Power better not go out, i wanna watch season 3 of The Walking Dead (again) tomorrow.


----------



## fierceabby (May 16, 2011)

Nonnie said:


> Power better not go out, i wanna watch season 3 of The Walking Dead (again) tomorrow.


I hadn't thought of that either - waaaah! Luckily I have LOADS of candles and we have a gas fire so we can light that - and the hob. Phew!


----------



## poohdog (May 16, 2010)

Only just noticed...the '87 storm was on October 15/16th so more or less the same time of year.

Let's hope it misses us this time...let the Bay of Biscay have it :wink:


----------



## myshkin (Mar 23, 2010)

myshkin said:


> Taking sensible precautions isn't my idea of panicking...if it doesn't happen, fantastic, no harm done by securing things.
> When it rains hard enough, we get the sandbags out around these parts - better to be cautious than have flooded houses!


I hadn't thought of that, which is dozy of me as normal storms cause them most winters... Better check the camping supplies!


----------



## Guest (Oct 26, 2013)

Oh no!!! Hopefully Missy will be in by then although don't think North Yorkshire will be hit!


----------



## HoneyFern (Aug 27, 2009)

Nonnie said:


> Power better not go out, i wanna watch season 3 of The Walking Dead (again) tomorrow.


That's a point, I'd better keep everything charged and maybe download some things to watch.


----------



## Kitty_pig (Apr 9, 2011)

oh dear, glad Im where I am. Stay safe you lovely southerners, my hubby remembers being 5 and the roof had blown off their house in '87 :lol: bet hes glad he moved up here now :lol:


----------



## moggiemum (Mar 28, 2013)

i ve got lots of fillers for sandwiches, waiting till later to get bread -cheaper, candles stocked up , batteries charged, blankets all washed and smelling nice, books too read,im on first floor dont have to worry about sandbags , my neighbour in the basement should,
damn it ,i just put £10 on the lecky this morning, really hope it dont go off , i ll have to keep stirring the goldfish tank i so want some solar panels


----------



## lymorelynn (Oct 4, 2008)

This one was a hundred yards from where I lived in 1987  Lost part of our own roof too.

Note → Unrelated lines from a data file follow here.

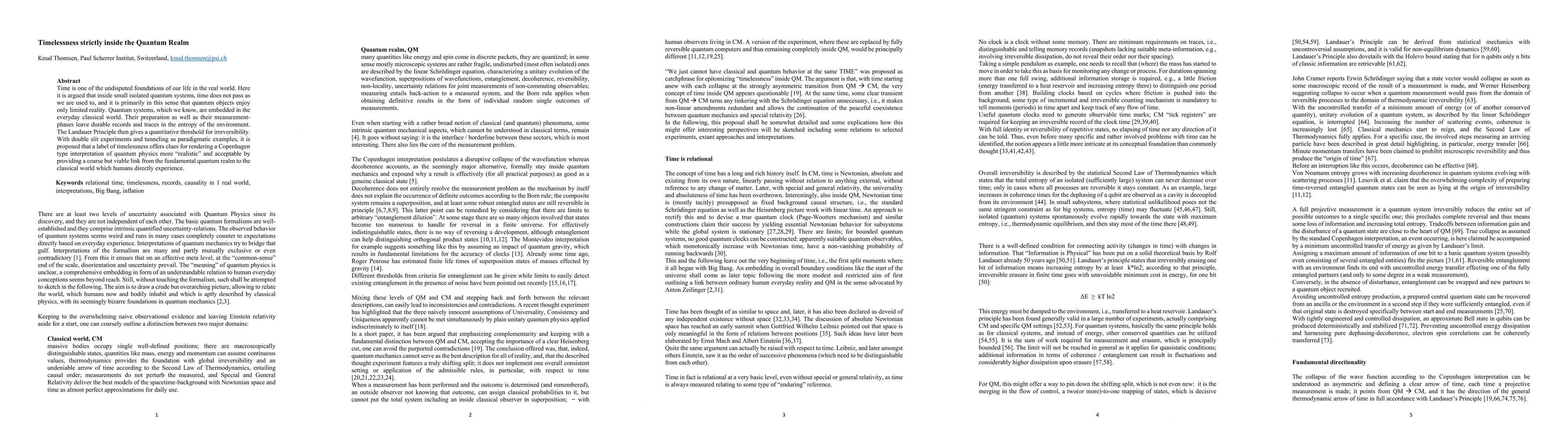 Time is one of the undisputed foundations of our life in the real world. Here it is argued that inside small isolated quantum systems, time does not pass as we are used to, and it is primarily in this sense that quantum objects enjoy only limited reality. Quantum systems, which we know, are embedded in the everyday classical world. Their preparation as well as their measurement-phases leave durable records and traces in the entropy of the environment. The Landauer Principle then gives a quantitative threshold for irreversibility. With double slit experiments and tunneling as paradigmatic examples, it is proposed that a label of timelessness offers clues for rendering a Copenhagen type interpretation of quantum physics more realistic and acceptable by providing a coarse but viable link from the fundamental quantum realm to the classical world which humans directly experience.
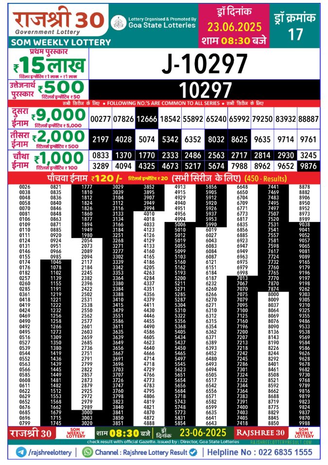 Rajshree som Weekly Lottery 1PM Result 23.06.2025
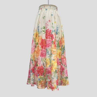 Romantic Floral Print Elastic Waist Maxi Skirt
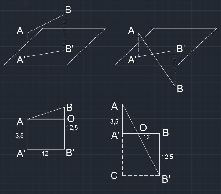 Второй случай, когда AB пересекает плоскость.
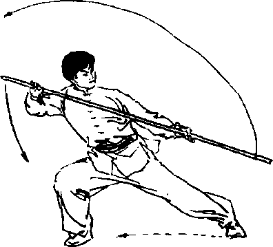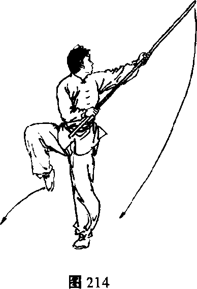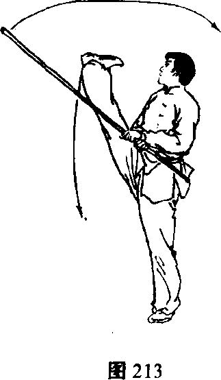 1)上体稍左转,右腿屈膝回收,脚背绷紧;同时,左手向棍 中部滑握并向左侧拉开,使棍梢向上、向左侧划弧;目视左侧 (图 214) o
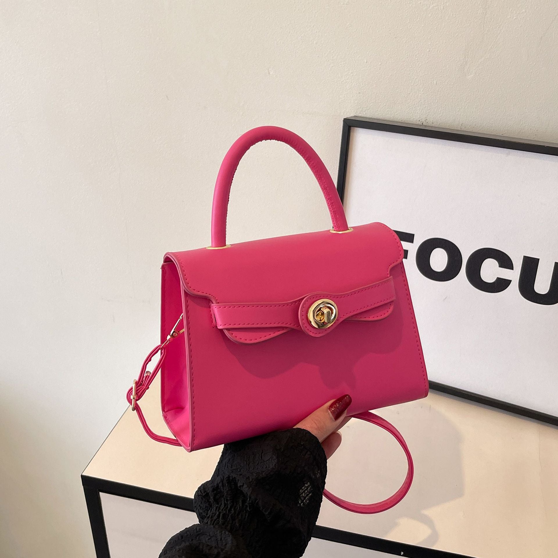 Maak je outfit compleet met de charmante Sophie. Deze compacte handtas is dé perfecte accessoire voor zowel een chique diner als een dagje shoppen. Het gestructureerde ontwerp en de goudkleurige draaisluiting geven de tas een luxe uitstraling die direct in het oog springt. Draag hem elegant in de hand aan het stevige handvat, of klik de riem vast om hem comfortabel over je schouder te dragen.
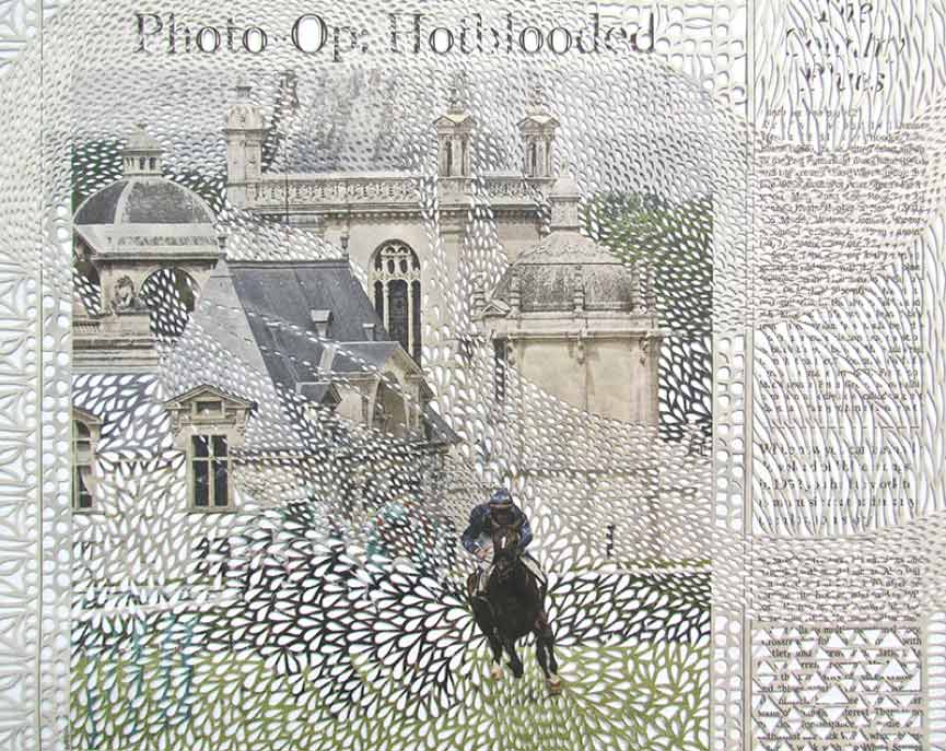 米里亚姆·迪翁用天马行空的想象力开始了她的创作,而工具竟然是一把医用手术刀。她舍弃报纸中长长的文字段落,只保留部分主标题,再根据新闻内容,在保留原有配图的情况下设计新的图案。从开始构想,到雕刻成型,需要耗费巨大的心血和耐心,简直非10级强迫症所不能为也。

I've moved a little further inland now but have just moved all of plants in tubs off the patio. I'm hoping it won't be as bad as '87


----------



## sskmick (Feb 4, 2008)

Wiz201 said:


> 20 mph winds forecasted in yorkshire tomorrow. I'm one of those just look out the window types really


I checked it out on the BBC weather when I read your post. They are predicting at worst 20 mph winds.

Keeping my eye on things, especially the rabbits, I have set up a large dog crate for them indoors if push comes to shove.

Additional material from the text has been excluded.